When Oates casts Allison as Hermia and Berke’s romantic rival Striker (Shane West) as Demetrius, Berke does everything he can to be in the production, though he can’t sing, dance, or act. Behind-the-scenes antics are intercut with stagey dream sequences, wherein Berke imagines himself as Lysander, the true object of Hermia’s forbidden affections, and Striker as the man whose pre-existing betrothal supposedly gives him the right to be with her. Later in the film, when Berke grows closer to the girl playing Helena, Kelly Woods (Kirsten Dunst)––who crushes on him even though he only has eyes for the girl that’s out of reach––it becomes clear that, in spite of his visions to the contrary, Berke is the film’s Demetrius. He’s hung up on the idea of a childhood connection ensuring a “love that lasts forever”, a “certain right” by any other name. 

Through fortuitous hijinks, he’s eventually cast as Lysander in Oates’s flailing production, much to the harried director’s mounting chagrin. After realizing that Kelly is the girl of his dreams midway through the final performance, Berke improvises a new ending to the play in which Lysander confesses his love to Helena. Striker makes a fool of himself, the crowd eats up the unplanned spectacle, and Oates basks in the unexpected roar of applause. 
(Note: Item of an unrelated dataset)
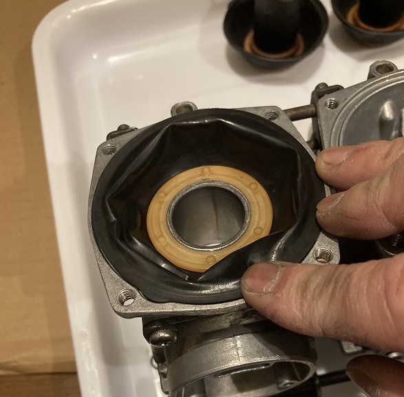 ダイヤフラムAss’yを取り付けます。ゴムの弾性ですぐ溝から外れて浮いてしまいますが、しばらく抑えておくと体温で軟化する為か、溝に沿ったままになります。

The meat of the plot is far-flung from its ostensible source, but by placing the play at the center of the action, A Midsummer Night’s Dream becomes a reflective surface for Get Over It’s interlocking teen romances to react against. The film is clever and circuitous, bucking the expected frameworks of adaptation while also enacting them in a playful (if mocking) spirit. Though O’Haver’s sensibilities frequently play as smug and vainglorious, these qualities belie a deeper wisdom––an understanding that fiction, performance, and mimicry are often invaluable tools for learning more about ourselves.